- Education: Laurentian University; University of Toronto; Washington International University;
- Occupations: Administrator, activist, politician, philanthropist
- Employer: Retired
- Known for: Conservative Party of Canada; Progressive Conservative Party of Manitoba;
- Political party: Conservative
- Movement: Healthcare reform

= Linda West =

Canadian politician

Linda West is a Canadian administrator, activist and politician. She has been a candidate for the Conservative Party of Canada and the Progressive Conservative Party of Manitoba. She is also known for her involvements in several volunteering organizations like Rotary Club of Parry sound, Habitat for Humanity, Community Business and Development Centre, The Parry Sound Area Founders Circle etc.
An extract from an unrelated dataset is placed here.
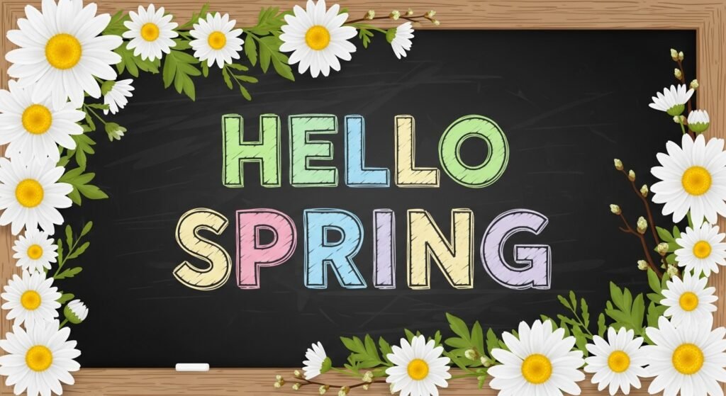 Write “Hello Spring” in bold, playful letters and surround it with a garland of daisies. These cheerful flowers are simple to draw and instantly brighten up your space, making it a great addition for your front porch decoration.

She received the Order of Parry Sound in 2020 for community services and supports during the COVID-19 pandemic. As on 2021, she is known for serving as the president of Rotary Club of Parry Sound and for winning Rotary’s most prestigious award, Service Above Self.

==Education==
West has a Bachelor of Arts degree from Laurentian University and a Master of Business Administration specializing in Health Care from the University of Toronto. She also holds a Ph.D. from Washington International University, an unaccredited institution incorporated in the British Virgin Islands.

==Career==
West was executive director of the James Bay General Hospital from 1992 to 1995, and of the Winnipeg River Health District from 1995 to 1997. From 1997 to 2000, she was executive director of labour relations for Manitoba Health. She has also been a health policy consultant for the Progressive Conservative Party of Manitoba, and has taught nursing and business at the University of Manitoba.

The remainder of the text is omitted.